Reproduction of part of the material below, pictures omitted: copy exactly, and only, the lines starting with the one with "A. Ringler Jos." and going on through the one with "Young handsome student".

Input data:
--------------------
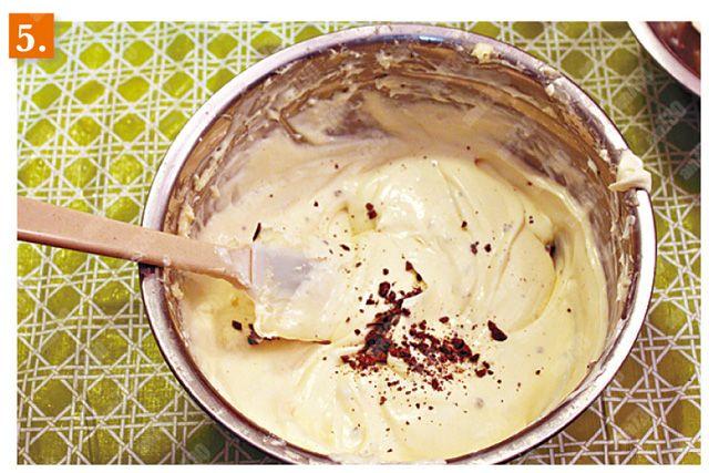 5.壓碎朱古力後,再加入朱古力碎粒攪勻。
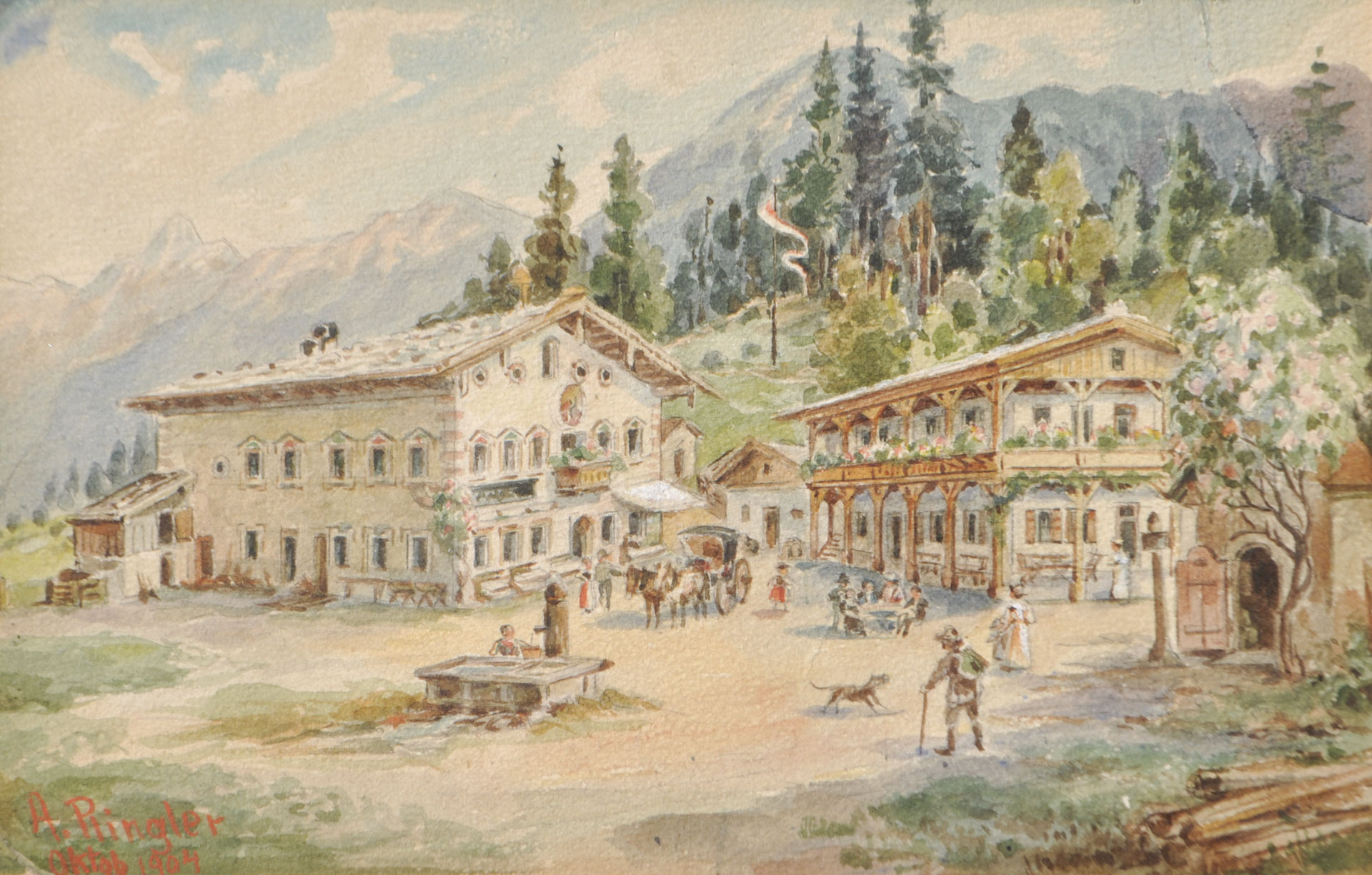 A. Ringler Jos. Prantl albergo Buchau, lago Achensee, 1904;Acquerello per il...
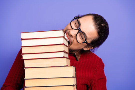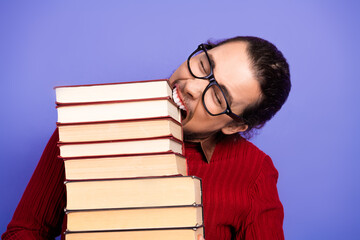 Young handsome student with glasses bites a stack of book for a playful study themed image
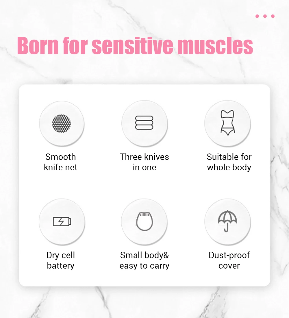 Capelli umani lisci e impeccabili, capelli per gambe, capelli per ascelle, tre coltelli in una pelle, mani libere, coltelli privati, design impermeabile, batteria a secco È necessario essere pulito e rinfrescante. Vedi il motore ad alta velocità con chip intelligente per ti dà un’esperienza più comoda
--------------------
Answer section:
 A. Ringler Jos. Prantl albergo Buchau, lago Achensee, 1904;Acquerello per il...
 Young handsome student with glasses bites a stack of book for a playful study themed image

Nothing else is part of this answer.